The Remarkable Story of the World War II ‘Ghost Army’ That Duped Hitler
From the summer of 1944 till the end of the war in Europe, the US fielded a unique ‘Ghost Army’.
By Jeremy Bender
From the summer of 1944 till the end of the war in Europe, the US fielded a unique ‘Ghost Army’ throughout France and the Rhine Valley in order to deceive the Third Reich into over estimating the strength of the Allied forces.
The Ghost Army, which consisted of 1,100 handpicked men and a number of phony inflatable tanks and weapons, were part of the 23rd Headquarters Special Troops.
The unit’s sole responsibility was to create illusions and spread disinformation about the strength and location of Allied forces.
According to PBS documentary “The Ghost Army,” these masters of deception saw action dangerously close to the front lines in France, Belgium, Luxembourg, and Germany throughout the war.

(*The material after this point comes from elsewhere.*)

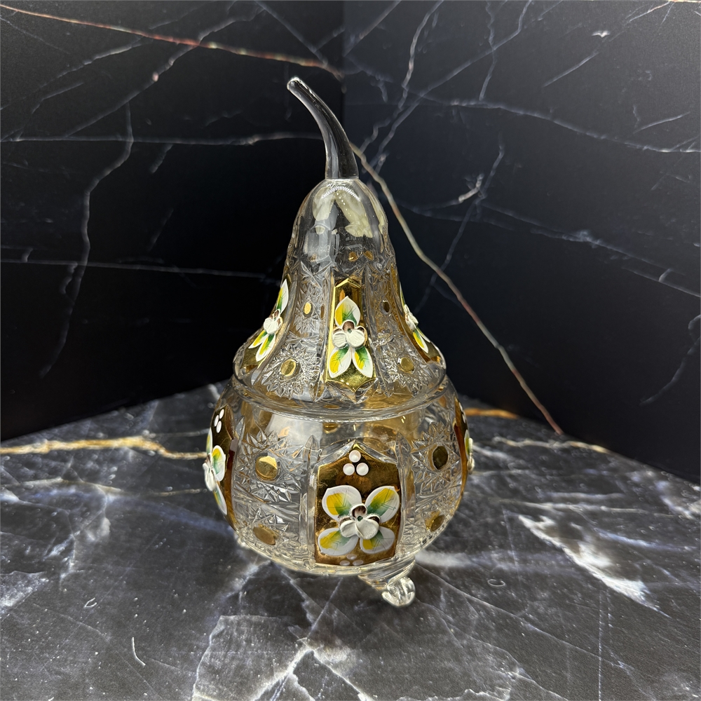 Конфетница с крышкой Груша 20 см, хрусталь с лепкой

In total, the unit was responsible for over 20 illusions that befuddled German military planning and masked actual Allied troop movements and deployments.
To the Nazis, the Ghost Army appeared as real units and soldiers.
However, these men were a combination of artists, audio technicians, actors, and designers who, through a commitment to their craft, created inflatable mock-ups of military vehicles, tanks, and artillery.
Arriving in France just after the D-Day invasion, the Ghost Army set to work creating numerous illusions both on and off the battlefield.
On the battlefield, the unit fielded imperfectly camouflaged tanks, planes, and guns in order to convince the Nazis that there were 30,000 more Allied troops on the field than were actually present.
These visual illusions were compounded by the use of audio recordings that could be heard over 9 miles away.
The recordings featured sound effects that mimicked the movement of large armored divisions.
Off the battlefield, actors within the Ghost Army would impersonate US generals and officers in towns throughout France.
These actors, aware that German agents may be spying on them, would flippantly discuss fake military plans and deployments over wine in order to better spread false information.